# Is it safe to have toddler beds against the wall?



## Willow82

Hello,

So we've finally taken the cot bars off DS's bed and although we planned to put a bed guard up, it turns out it wasn't suitable for the mattress on the bed and hence wasn't safe. So we're going to try him without one. The bed is really low and the room is carpeted, we will probably put some pillows on the floor as well.

I've got myself worried though about one side of his bed being against the wall as I read on the net that young children can get trapped between the bed and the wall. The gap between the wall and the bed is about 4-5cm without the bedding on. Am I being paranoid here? We can't really move the bed out to the middle of the room as his room is too small. I'm not really sure what our options are other than to go out and buy a toddler bed with fixed wooden rails already attached but that would defeat the purpose of buying a cot bed in the first place. Does anyone have any advice?


----------



## bumpbear

For me personally, that would not be a cause for concern at all. I feel like my daughter's head is large enough that her airways would not get trapped in a 5cm gap and she is strong enough to maneuver herself out of a 'getting stuck' situation in that context at 3 years old.


----------



## minties

My kids beds have always been against the wall, and neither have ever been stuck and I wouldn't worry about a 3 year old at all.


----------



## MiniKiwi

Is it not an option to just remove the bars from one side? Sort of the in between step from cot to proper bed? If not, I wouldn't worry about the small gap myself (and I'm the worrying type!). My DD doesn't have a rail either and has never fallen out of her toddler bed


----------



## alibaba24

My DD toddler bed went against a wall she didn't have guards up either and was absolutely fine


----------



## SarahBear

It's more of an issue with young babies than it is with toddlers. If it's as close as you can get it, I'd call it good enough.


----------



## d_b

DS's bed is against the wall, I definitely wouldn't worry! You could wedge a blanket or pool noodle into the gap maybe? But that would be more to stop him from getting an arm or foot stuck.


----------



## Willow82

Thanks everybody. I feel a bit silly for worrying now, I should stay away from google! 

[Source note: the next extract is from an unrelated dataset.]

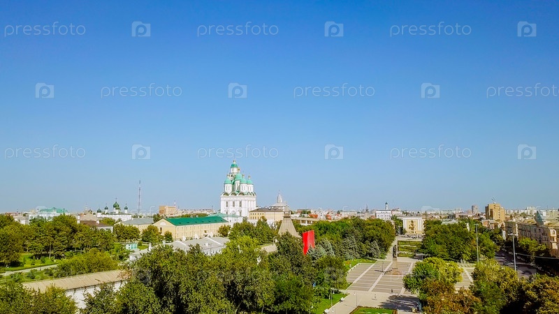 Вид с воздуха на Астраханский Кремль, историко-архитектурный комплекс. Россия, Астрахань

We've kept the bed as it is against the wall and he was absolutely fine last night. He did fall out of bed twice but didn't hurt himself due to it being so low, I also put a spare duvet on the floor to cushion him. The first time he cried briefly and the second time I heard a 'oh dear' and went in to find him asleep on the floor! He seems really excited to be in a proper bed now :)


----------



## jd83

We've always had the toddler bed against the wall; never occurred to me not to. I think by that age, they are perfectly capable of moving themselves or calling for help if needed.


----------